Obsessed With English Country House Style? This Antique Auction Is for You

Obsessed With English Country House Style? This Antique Auction Is for You

It’s every decorator’s dream to be gifted antiques from the visionaries who came just before and paved the way for their artistry. In the scenario of Imogen Taylor, who labored at Sibyl Colefax & John Fowler for 50 percent a century, Fowler bestowed dozens of antiques on her in his itemized will. “He realized I experienced a incredibly empty flat at the time,” says Taylor, who very first joined the famous British firm in 1949.

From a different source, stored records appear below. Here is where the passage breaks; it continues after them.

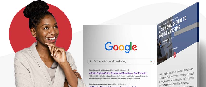One way to quickly understand the power of blogging is to consider a perfect world blog post outcome. Let's say you establish that your ideal customers have a specific business challenge, and when they're looking for a solution, they type a very specific search term into Google.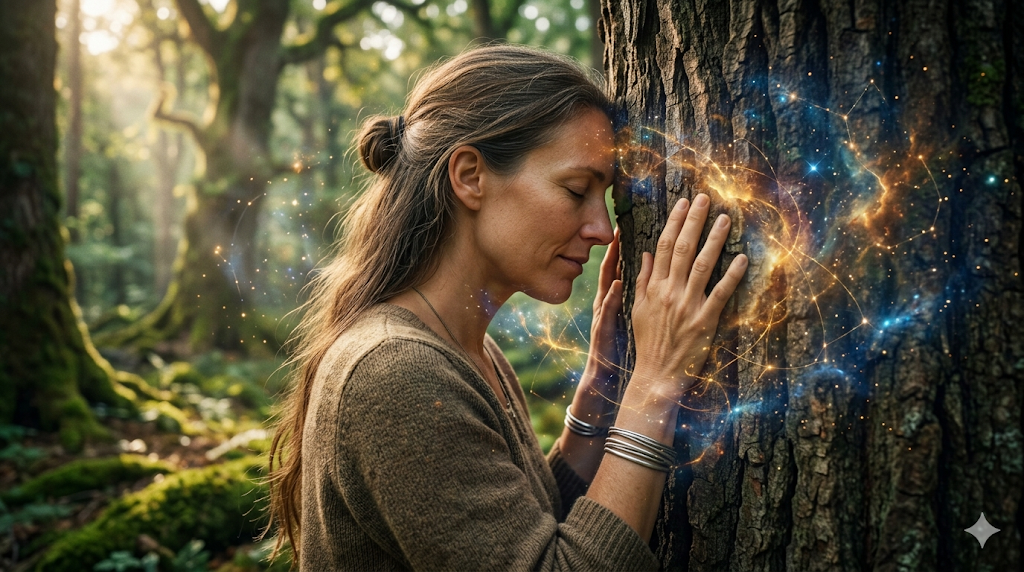 Вы вдруг кожей почувствуете, каким глубоким, монументальным спокойствием веет от этого ствола. Дерево не суетится, не пытается казаться лучше соседней березы и не страдает от кризиса среднего возраста. Оно абсолютно укоренено в настоящем моменте. Когда вы смотрите на природу без мысленного шума, ее тишина мгновенно проникает в вас, пробуждая точно такой же глубокий покой внутри. В этот миг иллюзия вашей разделенности рушится. Вы вдруг на физическом уровне ощущаете, что сотканы из одного и того же живого материала.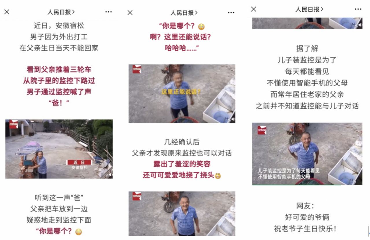 近日,《人民日报》官微发布了一篇视频推文,视频中的父亲在路过家院监控时,发现“摄像头”在跟他说话,疑惑的直挠头,几经确认后,老父亲才发现是远在千里之外的儿子通过监控与他对话,祝他生日快乐。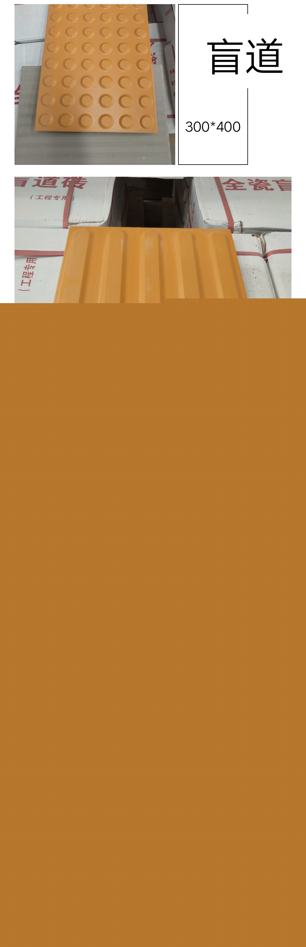 我們的盲道磚是全瓷的,不是塑膠的,也不是水泥,而且尺寸是經過修邊的,不要害怕有誤差,厚度也達標的,顏色是不會掉色脫色的,還有什么疑問直接拿起電話咨詢!18839118777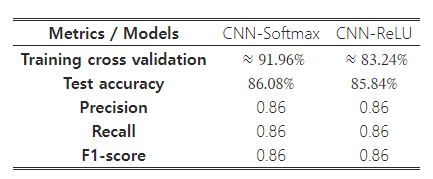 MNIST 분류에서의 결과와 유사하게, CNN-ReLU는 교차 검증에서 훈련 정확도를 확인한 결과(표 8 참조), CNN-Softmax보다 수렴 속도가 느려 성능이 낮았습니다. 테스트 정확도는 약간 낮았지만, CNN-ReLU는 CNN-Softmax와 동일한 F1-스코어 0.86을 기록했습니다. 이는 MNIST 분류에서의 결과와도 유사합니다.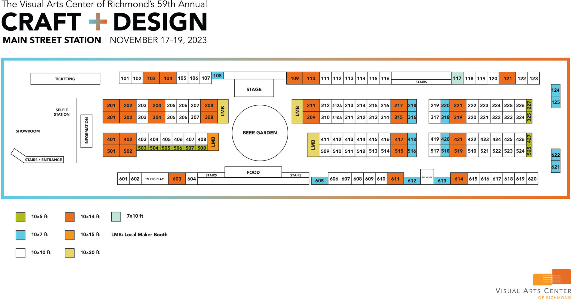 Please reference this floorplan, if necessary, when making booth requests. There will be 7′ x 10′, 10′ x 10′ and 14′ x 10′ booths available. If you complete your booth deposit online, please still remember to email your artist contract to the special events manager Adam Dorland at [email protected].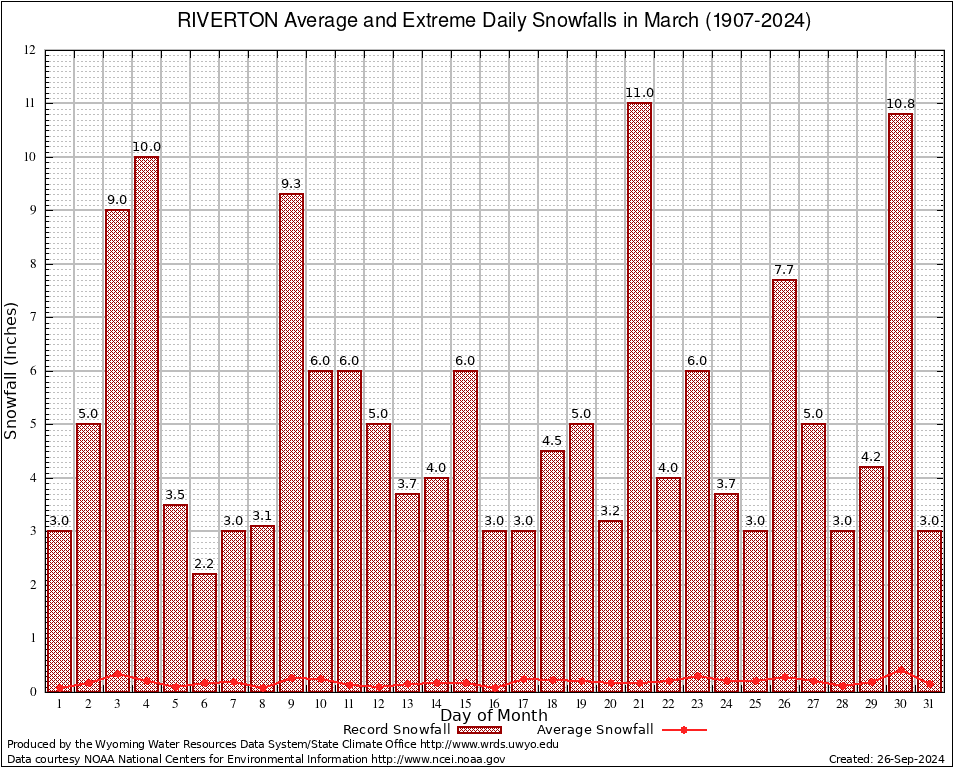 RIVERTON (487760) March Average and Extreme Daily Snowfall AMounts (1907-2024) To index page for RIVERTON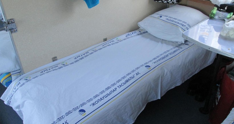 При входе в поезд нам выдали белье. Оно было чистеньким и новым, украшенным казахским орнаментом: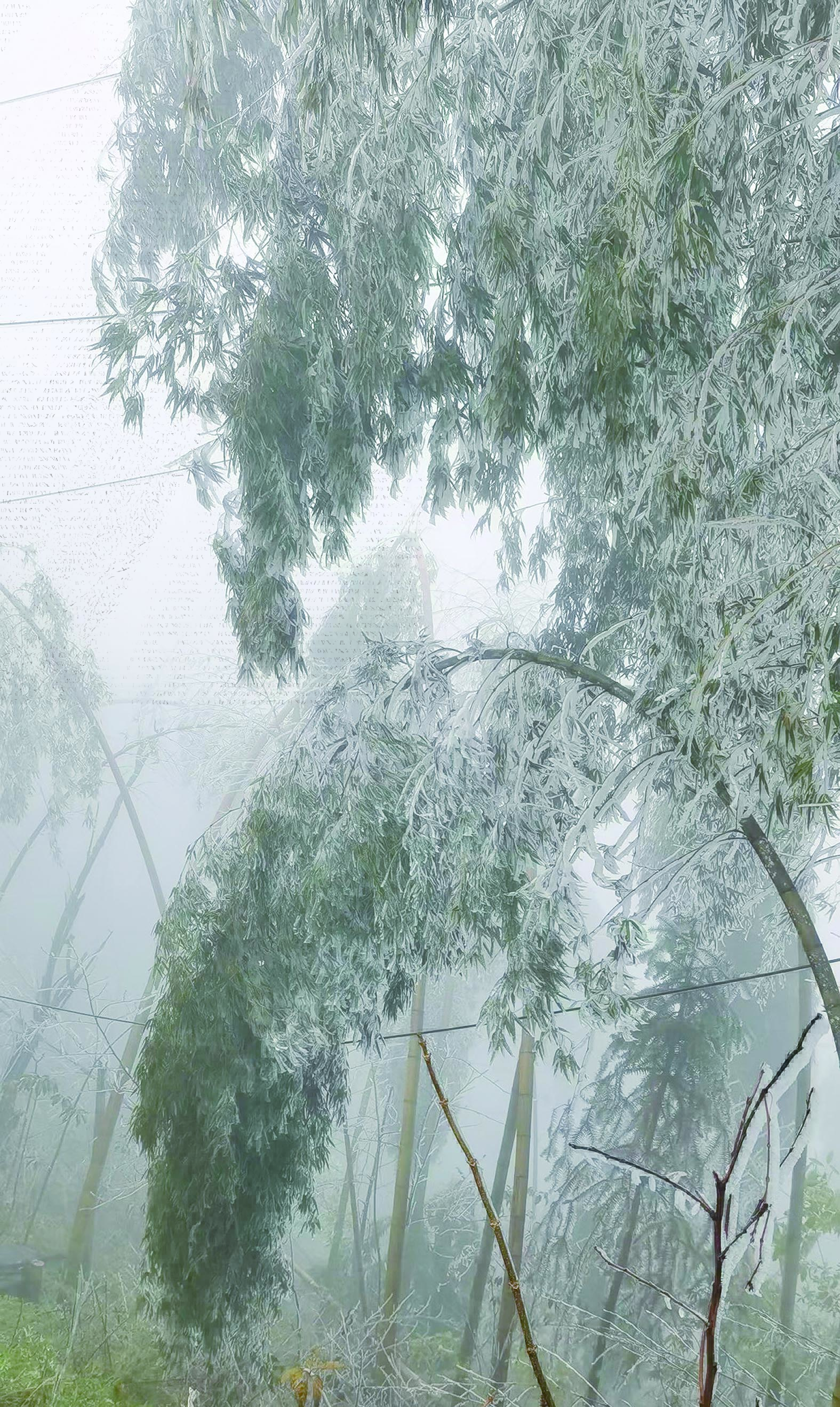 大院农场平均海拔1350米,年均气温12.6℃,比全县年均气温低3.4℃至5.4℃。在大院农场放眼望去,从山腰到山顶,披上了一层晶莹剔透的外衣,树木树枝被冰晶包裹,形成了形态各异的雾凇,朵朵凇花迎风绽放,玉树琼枝美轮美奂,构成了一个冰清玉洁的童话世界。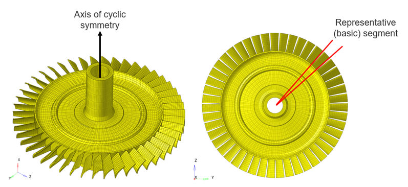 Cyclic symmetry is a type of symmetry in which a representative (or basic) segment, if patterned circularly about an axis of symmetry would result in the full model.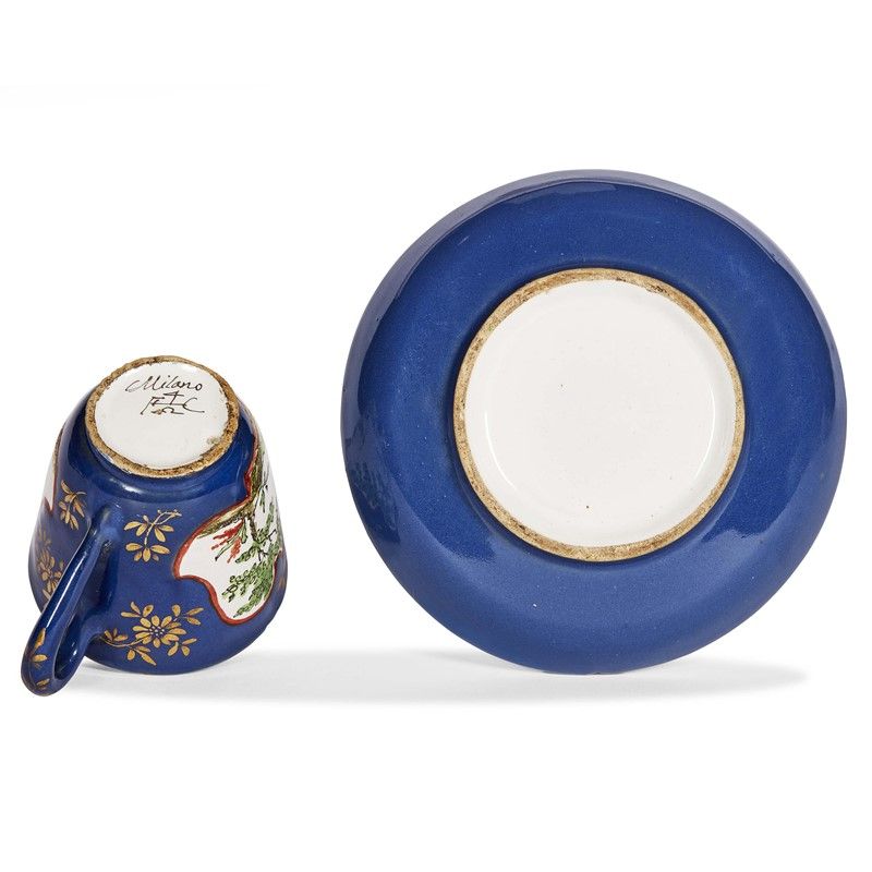in maiolica dipinta in policromia e oro su fondo blu. La decorazione, denominata “Milano blu”, prevede sul piattino una grande riserva sagomata bordata in oro, che racchiude un viandante con bastone tra due alberi con un uccello in volo, mentre sulla tazzina due analoghe riserve contrapposte, bordate in rosso, ciascuna con una figura entro paesaggio; il fondo blu è invece impreziosito da decori vegetali in oro. La decorazione è nota negli inventari della manifattura Clerici come “paesini a smalto a comparto blu con oro”, e numerosi sono i pezzi di confronto firmati, come le due tazze conservate al Castello Sforzesco di Milano con caratteristiche molto simili. Tazza a forma di campana su piede ad anello leggermente svasato, priva di presa. Marca Milano FC a frazione in nero sul fondo della tazzina; tazzina alt. cm 6,8, piattino diam. cm 13,4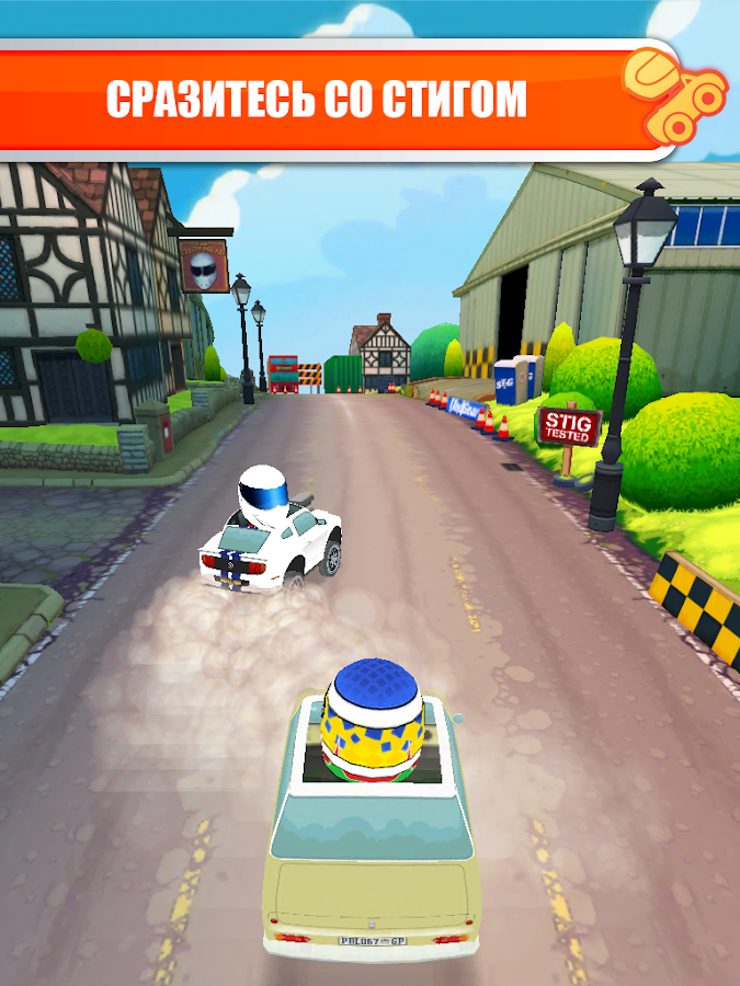 Top Gear: Race The Stig – это бесконечный раннер, в котором вы должны уворачиваться от машин и перепрыгивать через фургоны и прочие препятствия в надежде обогнать легендарного обезличенного гонщика из Top Gear. Все это будет происходить на знакомых из передачи локациях. Водить же придется один из культовых автомобилей, ранее засветившийся в шоу. Кроме того, в игре присутствуют такие средства передвижения как космический корабль и Неразрушимый пикап. Еще одна особенность Top Gear: Race The Stig – это весьма солидный набор шлемов, при помощи которых можно создать свой собственный образ. Если же вы довольны своими результатами, то похвастаться ими можно в социальных сетях Facebook или Twitter.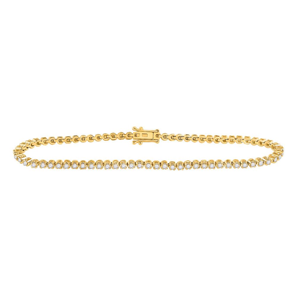 10kt Yellow Gold Womens Round Diamond Studded Tennis Bracelet 1-1/5 Cttw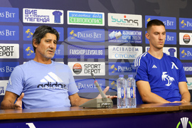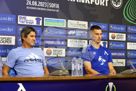 София (23 август 2023) Треньорът на ПФК „Левски“ Николай Костов (ляво) и капитанът на Андриан Краев говорят пред медиите на Националния стадион „Васил Левски" - ден преди първия мач с Айнтрахт Франкфурт от плейофите на Лигата на конференциите.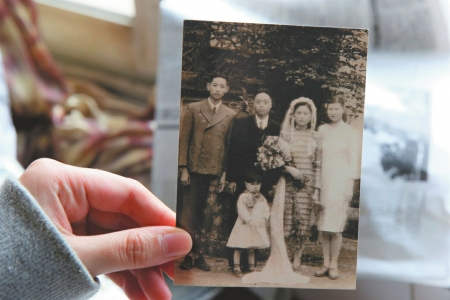 廖思源從家里的木質老式柜子里,拿出一本相冊。他用布滿皺紋的手翻開,拿出一張黑白婚紗照,看了又看:廖思源身著白襯衣和西裝,打著領帶,看起來格外精神。鐘貞淑頭戴婚紗,一席花色的長裙,右手捧著鮮花。兩人手挽著手,表情有點嚴肅,濃濃的年代感將時間拉回到了1949年。

The heirlooms heading to the auction block contain these late-18th-century Italian painted chairs.

Photo: Barry Macdonald

A 19th-century tea-tin lamp

Picture: Barry Macdonald

Now, the 96-calendar year-old decorator, who labored her way up from Fowler’s assistant—a position she held for 17 years—to business husband or wife, has made the decision to aspect with her possessions in a providing exhibition at Sibyl Colefax & John Fowler’s Belgravia workplaces from December 2–22. (The complete whole lot listing will go are living on the firm’s web-site at 9:30 A.M. GMT on December 2.) Of the 100-additionally antiques on present, much more than 30 after furnished the Hunting Lodge, Fowler’s 18th-century Hampshire home, exactly where he lived from 1947 until finally his death in 1977. Between the framed images, ceramics, chairs, and other furnishings in the giving (titled “The John Fowler & Imogen Taylor Collection—A Advertising Exhibition”), Taylor says her favorites are a round Biedermeier table and 6 Italian chairs: “They hold this sort of superb memories of scrumptious foods around them at the Searching Lodge.” On her retirement in 1999, Taylor ordered a tiny medieval house in Burgundy that housed the Searching Lodge treasures, as properly as other personal belongings to be involved in the sale.

A North European commode with marble prime, circa 1800

Picture: Barry Macdonald

A framed Victorian portray of a young guy with a pet dog

Image: Barry Macdonald

Taylor was one particular of quite a few of Fowler’s mates blessed enough to receive things from the Looking Lodge, which she claims “was a thrill to stop by.” “It was so pretty to glimpse at and was comprehensive of comfort and good meals and laughter and buddies, and the backyard was a delight,” she remembers. This kind of friends provided film fixtures, like the Redgraves and Vivien Leigh, style designer Hardy Amies, and photographer Horst P. Horst, who shot the house in 1965. “Of training course, just one was a little bit on edge too, as he was [my] manager. He was pretty crucial and demanding, so [I] was normally on [my] ideal behavior.”

It’s many thanks to Fowler’s discerning eye and partnership with American heiress Nancy Lancaster, who bought Lady Sibyl’s share of the small business in the 1940s, that the English nation household aesthetic rose to prominence. Fowler and Lancaster would go on antique-acquiring enterprise visits, retaining a decide on volume for their very own properties—both their clients’ and their have abodes replicate the relieve and eclecticism of the English region home fashion, which privileges the unpretentious, the gathered however comfy. It is a glimpse that grand houses have inherently acquired soon after generations of spouse and children customers inhabited them, each adding aspects of their working day. Fowler and Lancaster mastered the tough-to-reach search of acquiring properties surface as authentically aged. Even Deborah Cavendish, Duchess of Devonshire, the moment termed Fowler “the prince of decorators.”

An 18th-century Chinese reverse painting on glass

Image: Barry Macdonald

A pair of white Staffordshire spaniels from the collection

Photo: Barry Macdonald

“He took his inspiration from the past utilizing antiques, classic coloration strategies, and methods of applying paint, additionally upholstery and curtain models from the 18th and 19th centuries,” claims Taylor of Fowler’s genius, which has influenced a resurgence of pattern and color, as perfectly as antiques and classical fabrics, even today. Decorator Taylor firmly believes her mentor’s impact is right here to stay: “There are many who enjoy his legacy and continue to reside in the way he lived with pretty issues everywhere—books, flowers, cozy furnishings, great colors,” she states. In bringing her exceptional personalized gifts from Fowler to market, Taylor gives these antiques an opportunity to resonate with yet a different era of decorators, historians, and design and style fanatics. “His fashion was not a trend,” she says, ”just a way of lifetime.”